Military blocks some Web sites

Alan Sipress and Sam Diaz Washington Post

WASHINGTON – The Defense Department began blocking access on its computers to YouTube, MySpace and 11 other Web sites Monday, severing some of the most popular ties linking U.S. troops in combat areas to their far-flung relatives and friends and depriving soldiers of a favorite diversion during overseas duty.

The banned Web sites include some of the Internet’s most popular destinations for social networking and sharing photographs, videos and audio recordings. Soldiers and their families frequent the sites to exchange notes, swap pictures and share recorded messages – a form of digital communication that, along with e-mail, has largely replaced the much-anticipated mail call of previous wars.

Senior officers said they enacted the worldwide ban out of concern that the rapidly increasing use of these sites threatened to overwhelm the military’s private Internet network and risk the disclosure of combat-sensitive material.

“The idea behind it is to have the bandwidth available to mission-critical areas,” said Navy Lt. Denver Applehans, a spokesman for U.S. Strategic Command, which oversees the task force that designed the restrictions.

In computer rooms on bases in Iraq, Afghanistan and elsewhere, soldiers crowd around rows of monitors, lining up to glimpse news from home or leave their boot print in cyberspace. Some postings on YouTube are grainy battle videos shot with small cameras recording the brilliant flare of roadside explosions and crackle of gunfire set to rock music. Others are more melancholy depictions of loss, showing struggling medics and fallen comrades. Entries on MySpace pages are often more personal, running from reflective to vulgar.

Mitchell Millican, of Trafford, Ala., said he had relied on My- Space, a popular social networking site, to stay in touch with his son Pfc. Jonathan M. Millican until he was killed Jan. 20 in an attack on his compound in Karbala, Iraq. “If it wasn’t for the Internet, I wouldn’t have been able to talk to him three days before he died,” Millican said.

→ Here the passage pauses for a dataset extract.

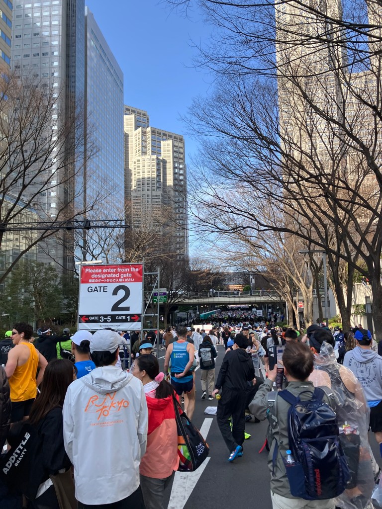 Race day came. Sunday 1st of March. The run started at 09:10 so no need to get up in the middle of the night. Tokyo is huge so I checked out a bit where to stay when I booked the hotel so there would be a direct subway line to the start. It took 20 minutes to go there from Asuksabashi where we stayed. It was not super busy when I got there but the toilet lines where already reaching way outside of the well organized corrals. I badly needed to go especially since I just had my coffee, some water and a banana smoothie. You could not bring any drinks into the starting area so had to finalize all outside. A Japanese lady that I spoke to in the long line said that if you miss your corral you need to start the last so when mine closed 25 minutes before the start I had to give up and line up.

Under the policy, troops will still be allowed to access the sites from nonmilitary computers. But few soldiers in combat areas carry private computers. They will continue to have access to the sites through Internet cafes that are not on the military computer network, officers said.

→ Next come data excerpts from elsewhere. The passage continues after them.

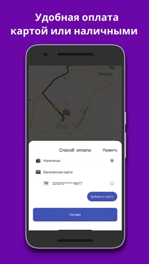 - Выбирать адрес на карте, вводить его вручную или выбирать из списка ранее использованных адресов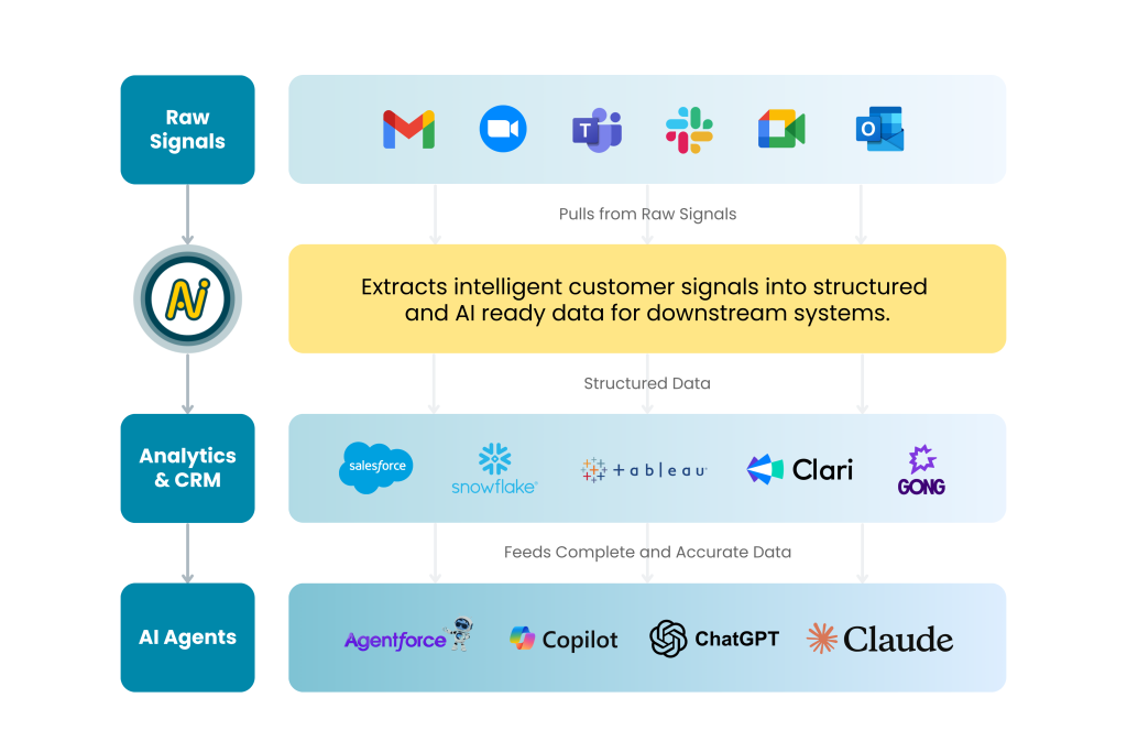 Emails, calls, and meetings, the richest AI signal, captured by no one, structured by no one.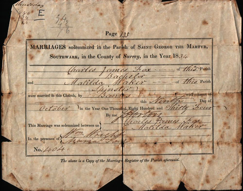 MARRIAGES solemnized in the parish of SAINT GEORGE THE MARTYR, SOUTHWARK, in the COUNTY OF Surrey, in the Year 1834 Charles James Fox of this Parish Batchelor and Matilda Waker of this Parish Spinster were married in this Church by Banns with consent of - this Ninth Day of October in the Year One Thousand Eight Hundred and Thirty Four By Me J Horton This Marriage was solemnized between us Charles James Fox Matilda Waker in the presence of Wm. Wright Maria Fox No 404.

The Defense Department barred access to the Web sites even as the military has stepped up its campaign to upload official videos to the Web, including on YouTube, to help portray U.S. combat efforts in Iraq and Afghanistan in a favorable light.

Lt. Col. Christopher Garver, a U.S. military spokesman in Baghdad, said these offerings would not be affected by the restrictions because they aren’t posted through the military’s network. Though many U.S. forces would no longer be able to view these videos, Garver added, “They don’t need to. They live them every day.”